• Exercise directions: Your output should be the lines from the one with "Distance | |" through the last line of the records below, exactly as written, minus the pictures.

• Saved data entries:

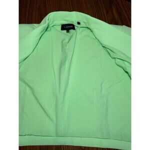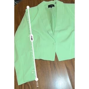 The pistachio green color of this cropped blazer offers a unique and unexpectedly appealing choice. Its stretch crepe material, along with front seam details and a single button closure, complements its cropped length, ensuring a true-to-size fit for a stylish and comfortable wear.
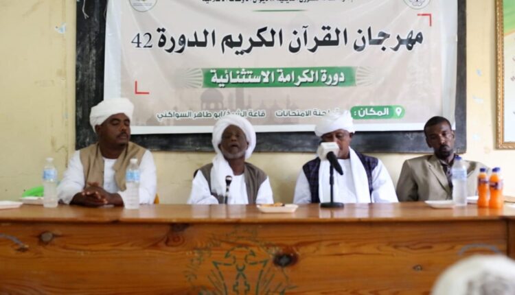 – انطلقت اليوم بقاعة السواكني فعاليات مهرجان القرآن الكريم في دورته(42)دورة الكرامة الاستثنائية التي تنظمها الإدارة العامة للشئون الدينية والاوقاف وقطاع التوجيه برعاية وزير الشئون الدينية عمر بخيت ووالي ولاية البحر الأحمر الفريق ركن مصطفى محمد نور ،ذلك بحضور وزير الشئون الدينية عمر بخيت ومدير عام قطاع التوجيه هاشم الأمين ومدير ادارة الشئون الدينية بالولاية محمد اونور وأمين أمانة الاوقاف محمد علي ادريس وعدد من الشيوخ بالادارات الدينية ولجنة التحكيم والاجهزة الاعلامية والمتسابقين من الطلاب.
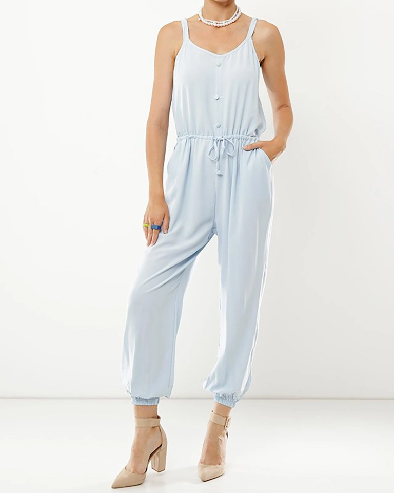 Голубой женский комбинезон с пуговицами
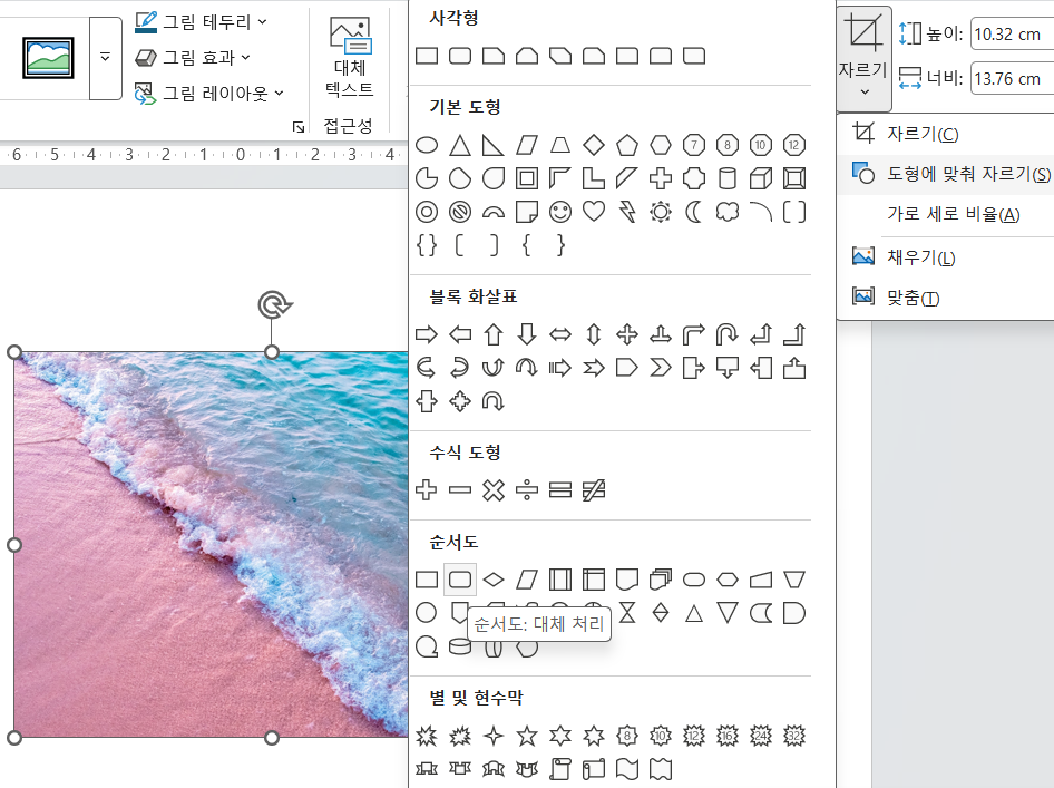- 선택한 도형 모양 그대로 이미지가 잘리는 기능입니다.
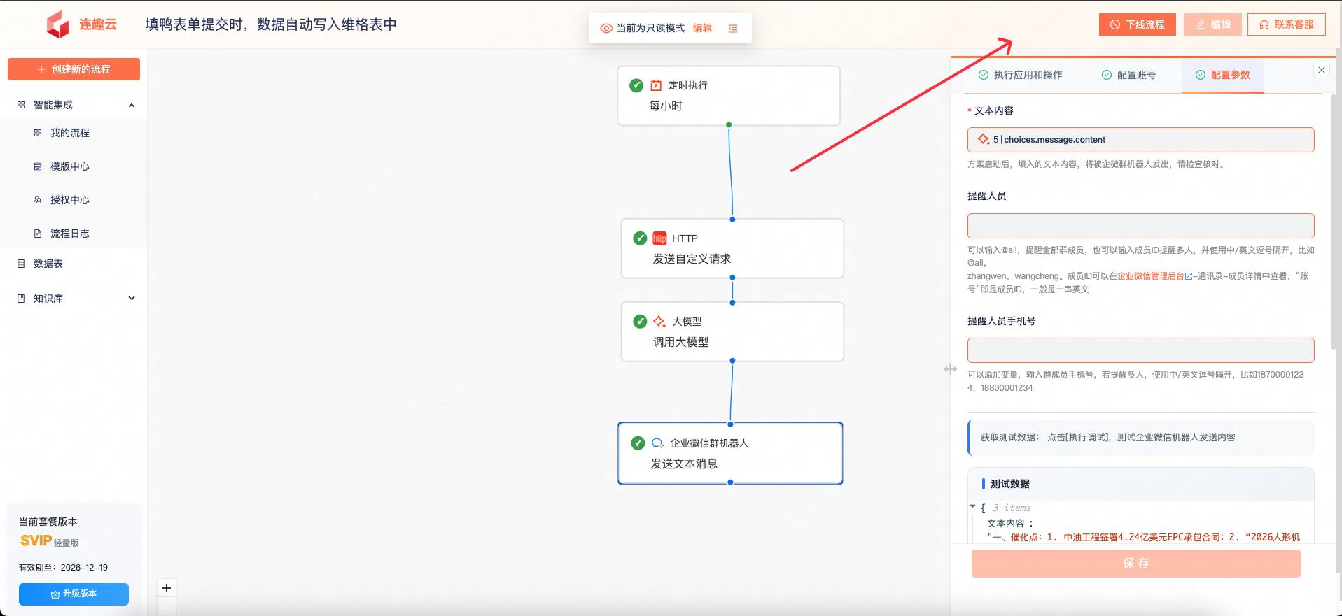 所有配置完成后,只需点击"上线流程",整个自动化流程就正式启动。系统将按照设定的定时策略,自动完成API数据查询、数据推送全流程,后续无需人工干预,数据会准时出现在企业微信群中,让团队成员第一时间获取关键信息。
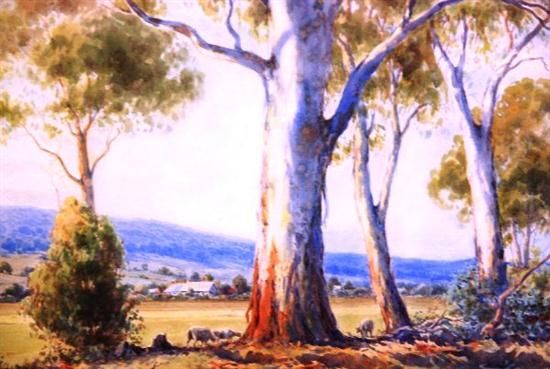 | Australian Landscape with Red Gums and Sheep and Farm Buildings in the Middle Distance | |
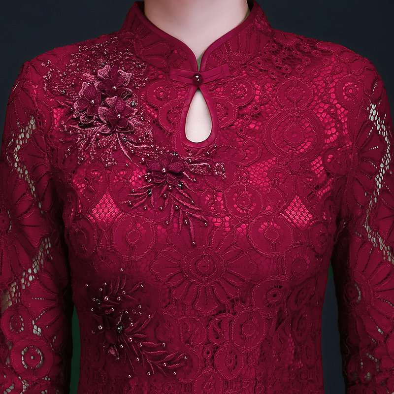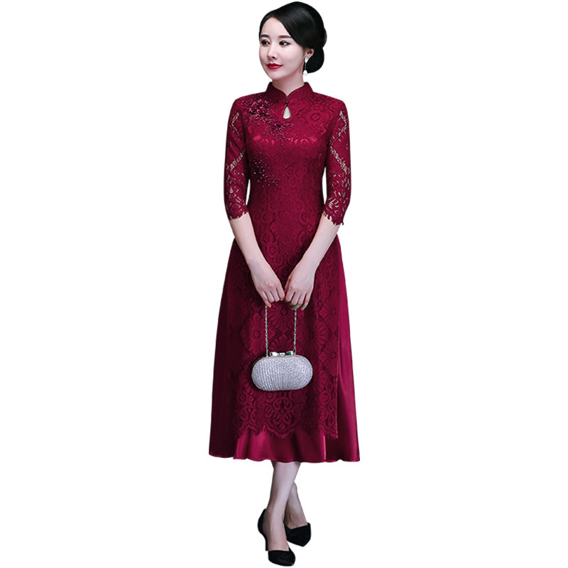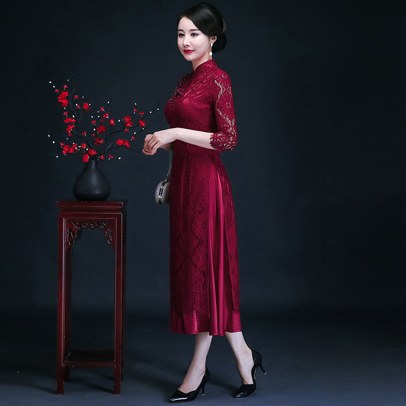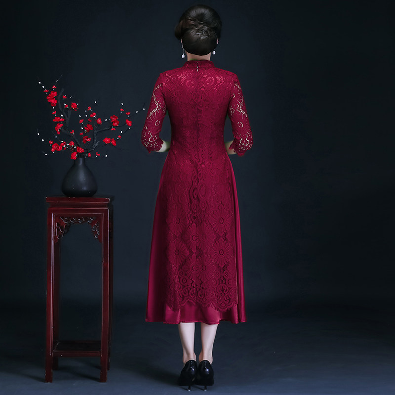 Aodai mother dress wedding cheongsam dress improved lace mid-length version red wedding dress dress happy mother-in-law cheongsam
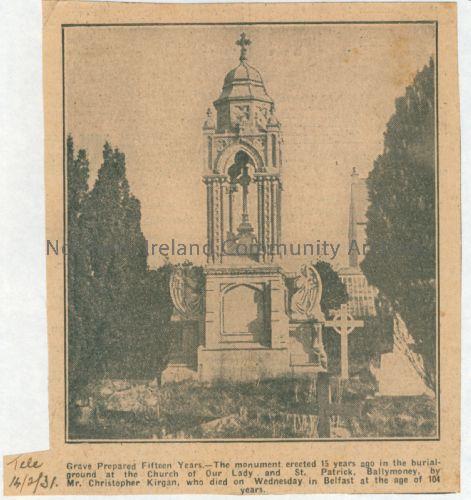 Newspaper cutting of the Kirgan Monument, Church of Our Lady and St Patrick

• Reply:
 | Australian Landscape with Red Gums and Sheep and Farm Buildings in the Middle Distance | |
 Aodai mother dress wedding cheongsam dress improved lace mid-length version red wedding dress dress happy mother-in-law cheongsam
 Newspaper cutting of the Kirgan Monument, Church of Our Lady and St Patrick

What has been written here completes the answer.